Extracted records:

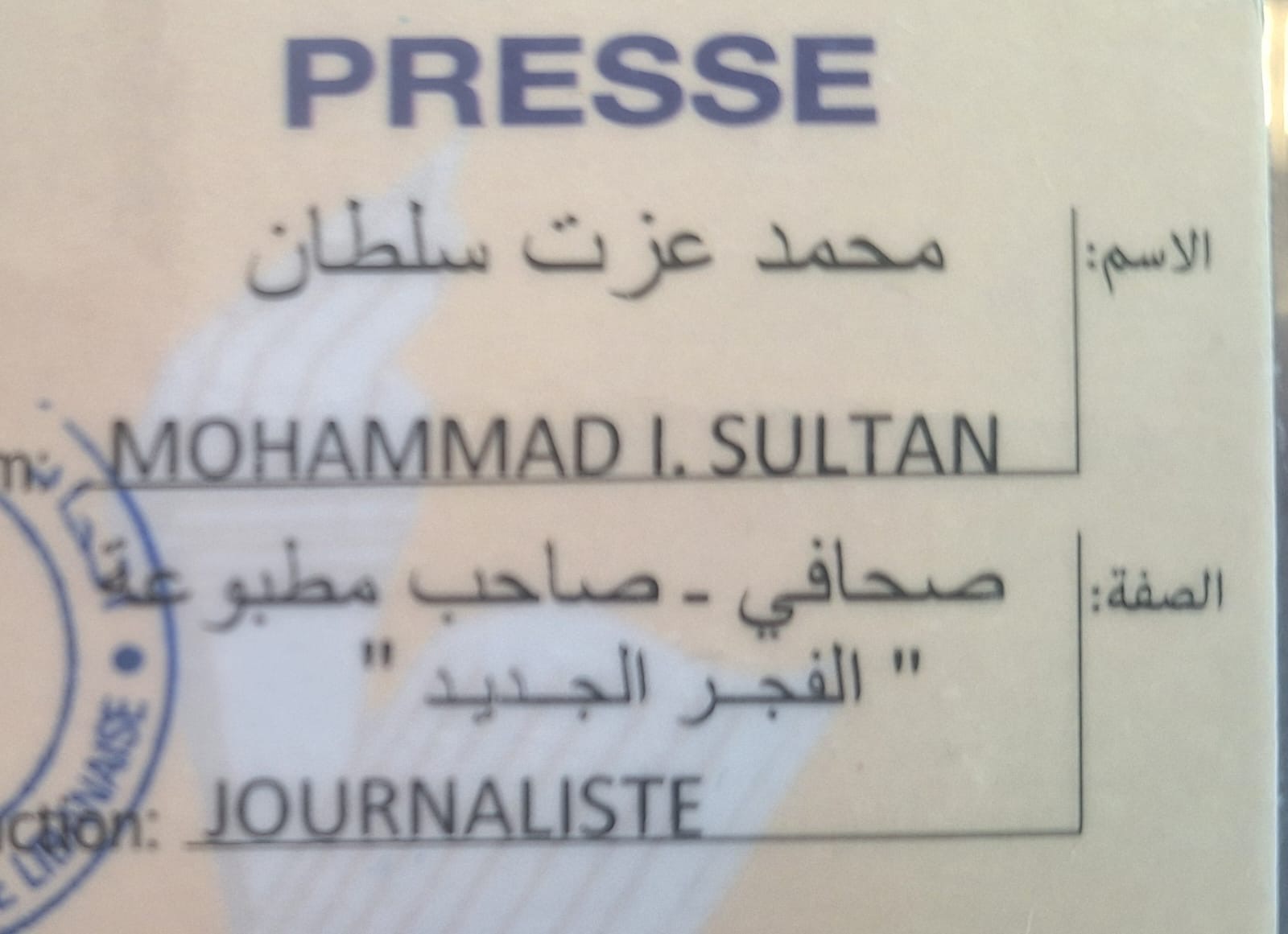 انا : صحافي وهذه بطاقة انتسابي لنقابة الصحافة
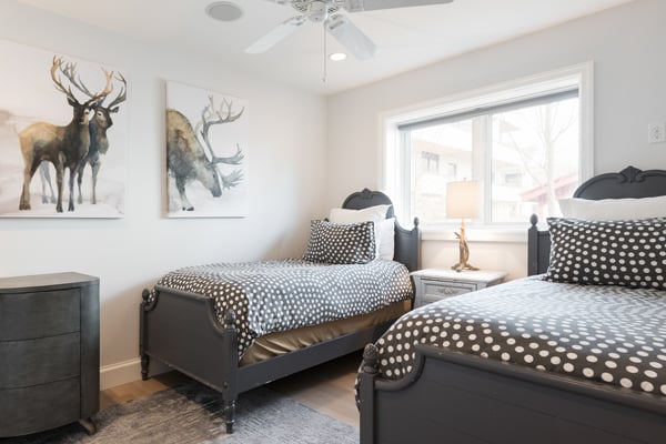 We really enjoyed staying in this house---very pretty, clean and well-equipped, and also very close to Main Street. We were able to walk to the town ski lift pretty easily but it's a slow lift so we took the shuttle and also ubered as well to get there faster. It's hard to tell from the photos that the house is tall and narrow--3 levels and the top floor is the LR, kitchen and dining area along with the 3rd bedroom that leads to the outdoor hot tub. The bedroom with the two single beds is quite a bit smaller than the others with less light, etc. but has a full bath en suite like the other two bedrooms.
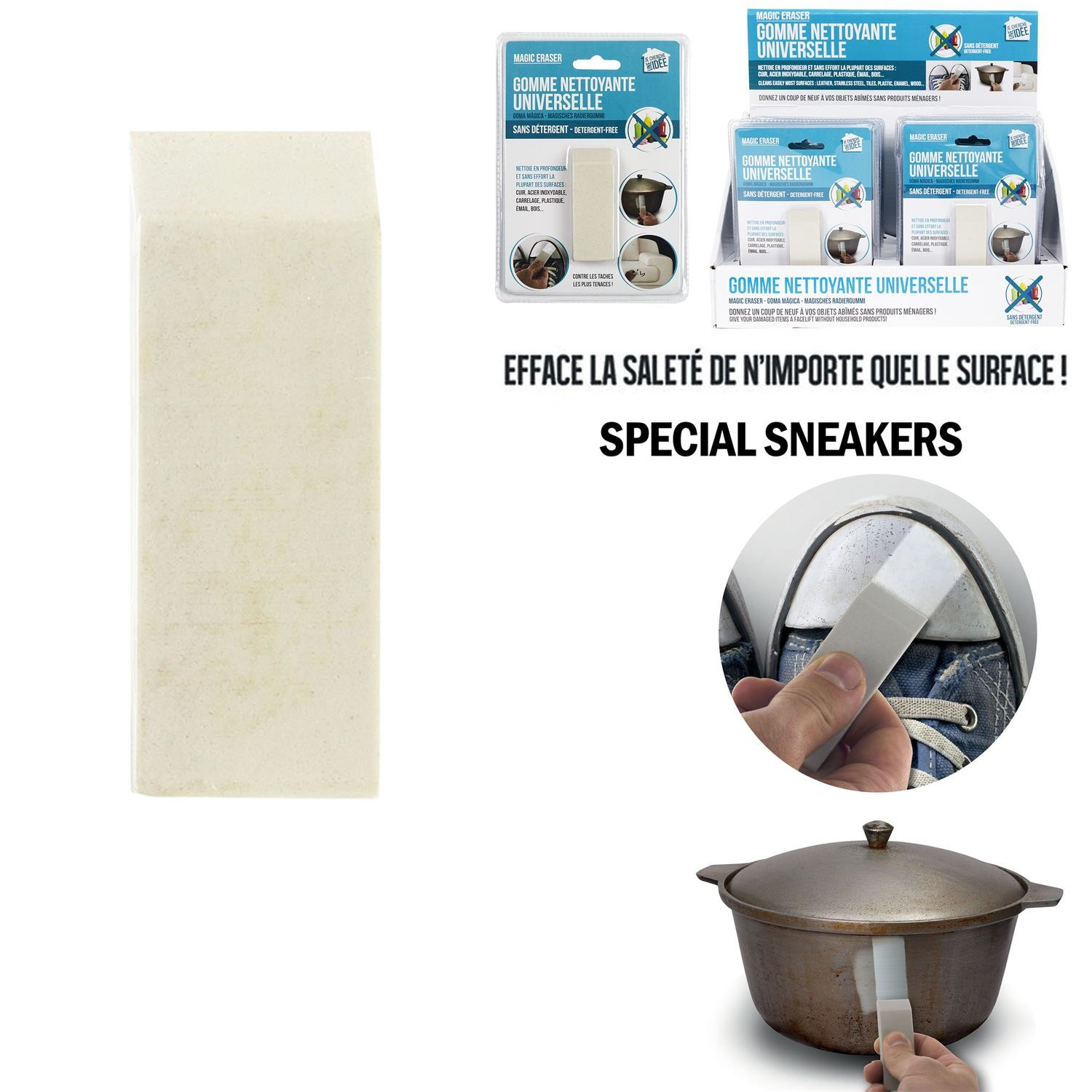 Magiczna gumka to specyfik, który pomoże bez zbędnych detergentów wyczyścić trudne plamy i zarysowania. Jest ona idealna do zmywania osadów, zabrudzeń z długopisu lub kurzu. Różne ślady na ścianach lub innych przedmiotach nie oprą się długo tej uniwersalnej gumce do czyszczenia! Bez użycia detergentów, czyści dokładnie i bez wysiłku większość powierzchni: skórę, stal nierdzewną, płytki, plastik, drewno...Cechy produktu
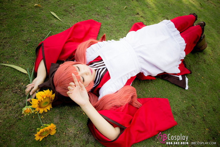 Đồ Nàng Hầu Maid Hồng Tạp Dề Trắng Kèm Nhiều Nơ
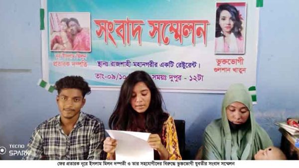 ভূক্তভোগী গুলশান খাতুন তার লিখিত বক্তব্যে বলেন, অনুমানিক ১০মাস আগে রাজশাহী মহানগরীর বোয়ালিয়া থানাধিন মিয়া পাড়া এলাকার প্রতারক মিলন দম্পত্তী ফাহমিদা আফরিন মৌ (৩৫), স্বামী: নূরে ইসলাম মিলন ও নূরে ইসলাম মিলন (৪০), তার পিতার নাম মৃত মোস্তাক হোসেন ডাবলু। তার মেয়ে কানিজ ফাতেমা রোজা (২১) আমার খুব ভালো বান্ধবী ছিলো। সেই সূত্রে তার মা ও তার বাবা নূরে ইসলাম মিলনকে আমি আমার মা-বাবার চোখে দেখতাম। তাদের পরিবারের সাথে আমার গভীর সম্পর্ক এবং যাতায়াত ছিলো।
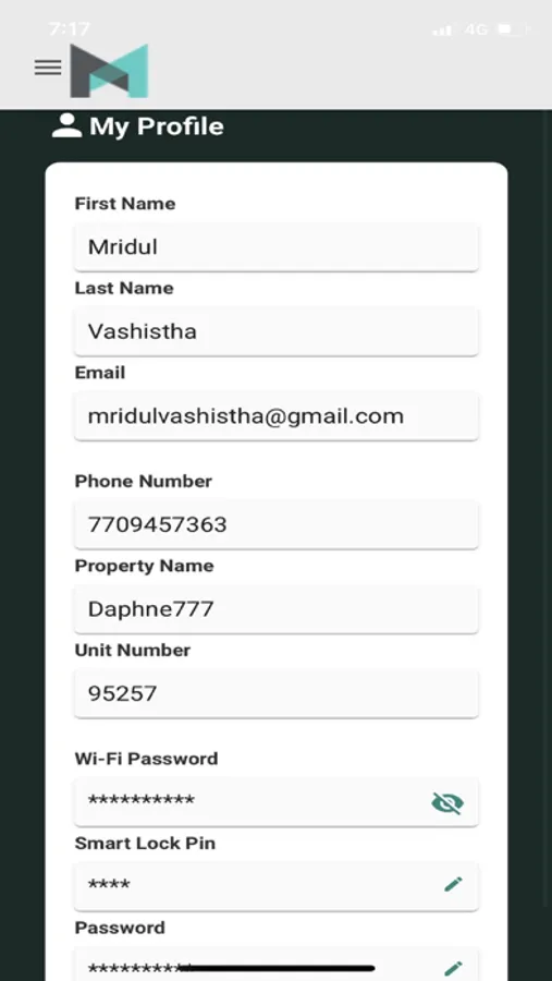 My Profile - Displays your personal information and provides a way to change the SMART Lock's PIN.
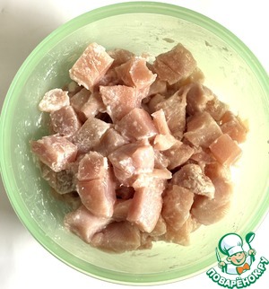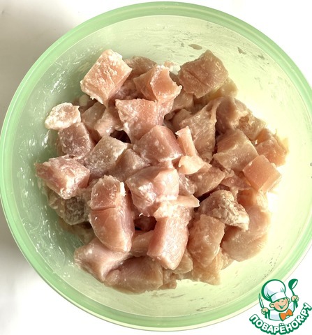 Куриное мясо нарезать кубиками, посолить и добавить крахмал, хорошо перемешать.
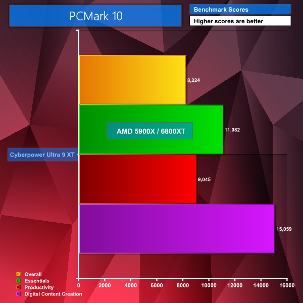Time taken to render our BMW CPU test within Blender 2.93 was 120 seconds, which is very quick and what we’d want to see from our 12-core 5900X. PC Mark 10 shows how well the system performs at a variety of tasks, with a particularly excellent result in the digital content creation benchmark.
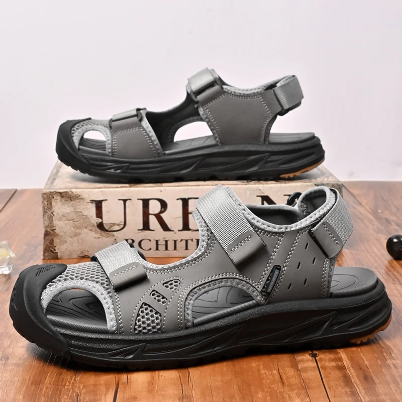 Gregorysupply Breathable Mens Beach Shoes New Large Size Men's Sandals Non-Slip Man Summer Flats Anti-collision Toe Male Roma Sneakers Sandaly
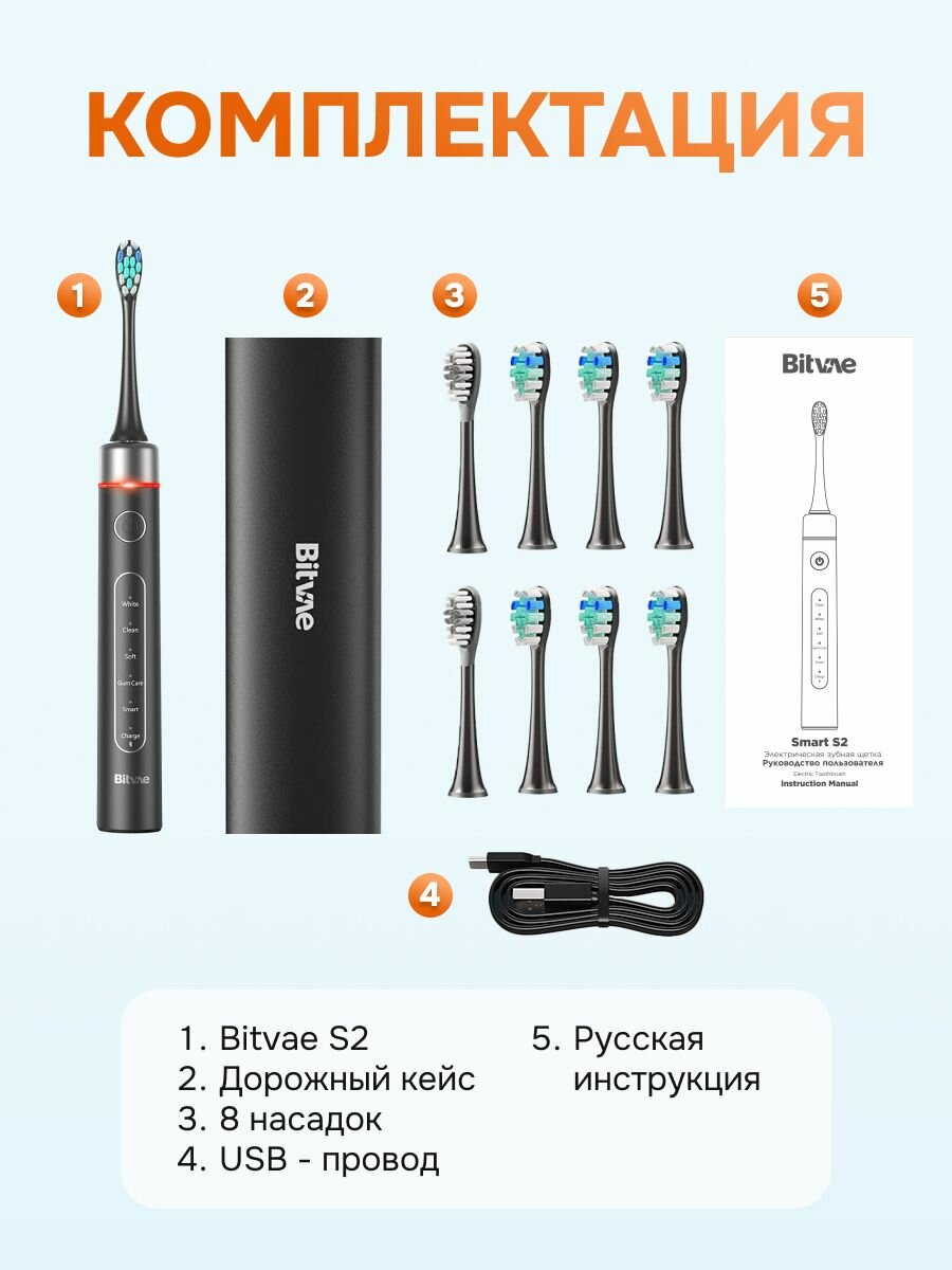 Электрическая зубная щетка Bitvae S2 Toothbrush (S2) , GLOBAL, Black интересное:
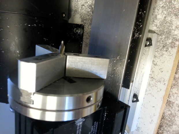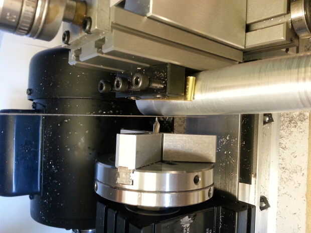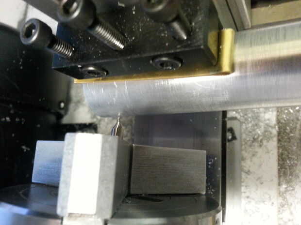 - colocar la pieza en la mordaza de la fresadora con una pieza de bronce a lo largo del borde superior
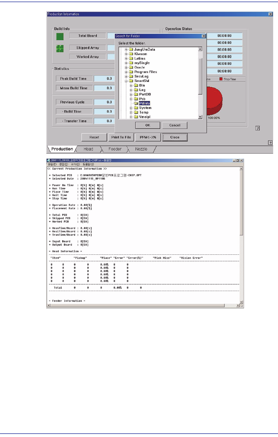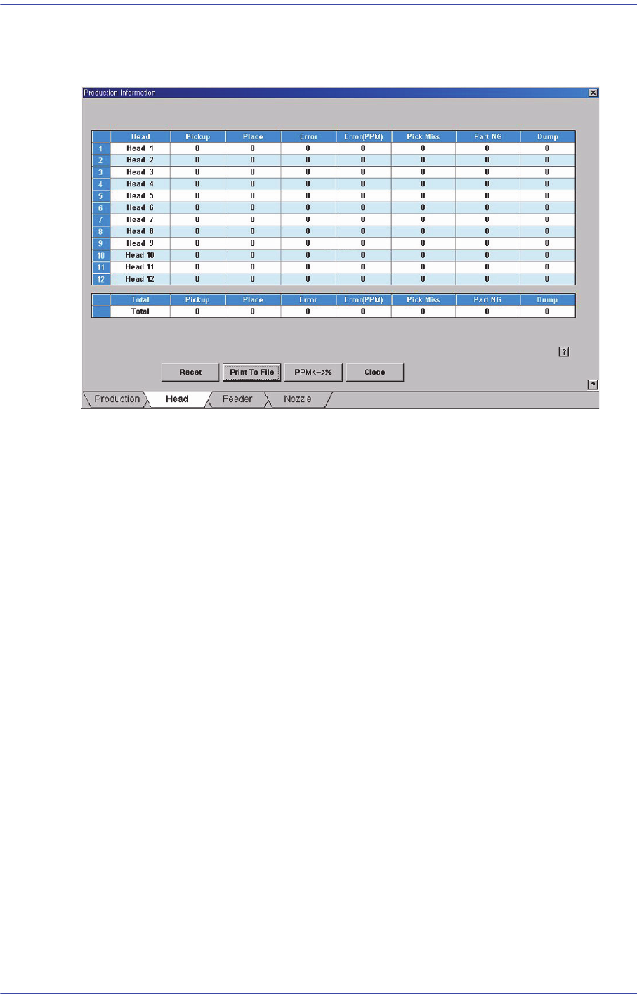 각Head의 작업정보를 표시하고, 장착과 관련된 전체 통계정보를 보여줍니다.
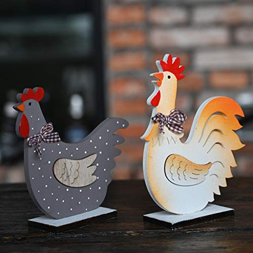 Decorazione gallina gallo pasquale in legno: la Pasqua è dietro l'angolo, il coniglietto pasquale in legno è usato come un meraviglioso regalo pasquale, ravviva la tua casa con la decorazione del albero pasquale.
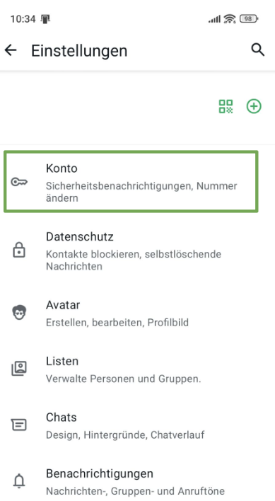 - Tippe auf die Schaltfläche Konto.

Task instructions: What is needed is a word-for-word copy of the records above, excluding pictures.

Expected answer:
 انا : صحافي وهذه بطاقة انتسابي لنقابة الصحافة
 We really enjoyed staying in this house---very pretty, clean and well-equipped, and also very close to Main Street. We were able to walk to the town ski lift pretty easily but it's a slow lift so we took the shuttle and also ubered as well to get there faster. It's hard to tell from the photos that the house is tall and narrow--3 levels and the top floor is the LR, kitchen and dining area along with the 3rd bedroom that leads to the outdoor hot tub. The bedroom with the two single beds is quite a bit smaller than the others with less light, etc. but has a full bath en suite like the other two bedrooms.
 Magiczna gumka to specyfik, który pomoże bez zbędnych detergentów wyczyścić trudne plamy i zarysowania. Jest ona idealna do zmywania osadów, zabrudzeń z długopisu lub kurzu. Różne ślady na ścianach lub innych przedmiotach nie oprą się długo tej uniwersalnej gumce do czyszczenia! Bez użycia detergentów, czyści dokładnie i bez wysiłku większość powierzchni: skórę, stal nierdzewną, płytki, plastik, drewno...Cechy produktu
 Đồ Nàng Hầu Maid Hồng Tạp Dề Trắng Kèm Nhiều Nơ
 ভূক্তভোগী গুলশান খাতুন তার লিখিত বক্তব্যে বলেন, অনুমানিক ১০মাস আগে রাজশাহী মহানগরীর বোয়ালিয়া থানাধিন মিয়া পাড়া এলাকার প্রতারক মিলন দম্পত্তী ফাহমিদা আফরিন মৌ (৩৫), স্বামী: নূরে ইসলাম মিলন ও নূরে ইসলাম মিলন (৪০), তার পিতার নাম মৃত মোস্তাক হোসেন ডাবলু। তার মেয়ে কানিজ ফাতেমা রোজা (২১) আমার খুব ভালো বান্ধবী ছিলো। সেই সূত্রে তার মা ও তার বাবা নূরে ইসলাম মিলনকে আমি আমার মা-বাবার চোখে দেখতাম। তাদের পরিবারের সাথে আমার গভীর সম্পর্ক এবং যাতায়াত ছিলো।
 My Profile - Displays your personal information and provides a way to change the SMART Lock's PIN.
 Куриное мясо нарезать кубиками, посолить и добавить крахмал, хорошо перемешать.
Time taken to render our BMW CPU test within Blender 2.93 was 120 seconds, which is very quick and what we’d want to see from our 12-core 5900X. PC Mark 10 shows how well the system performs at a variety of tasks, with a particularly excellent result in the digital content creation benchmark.
 Gregorysupply Breathable Mens Beach Shoes New Large Size Men's Sandals Non-Slip Man Summer Flats Anti-collision Toe Male Roma Sneakers Sandaly
 Электрическая зубная щетка Bitvae S2 Toothbrush (S2) , GLOBAL, Black интересное:
 - colocar la pieza en la mordaza de la fresadora con una pieza de bronce a lo largo del borde superior
 각Head의 작업정보를 표시하고, 장착과 관련된 전체 통계정보를 보여줍니다.
 Decorazione gallina gallo pasquale in legno: la Pasqua è dietro l'angolo, il coniglietto pasquale in legno è usato come un meraviglioso regalo pasquale, ravviva la tua casa con la decorazione del albero pasquale.
 - Tippe auf die Schaltfläche Konto.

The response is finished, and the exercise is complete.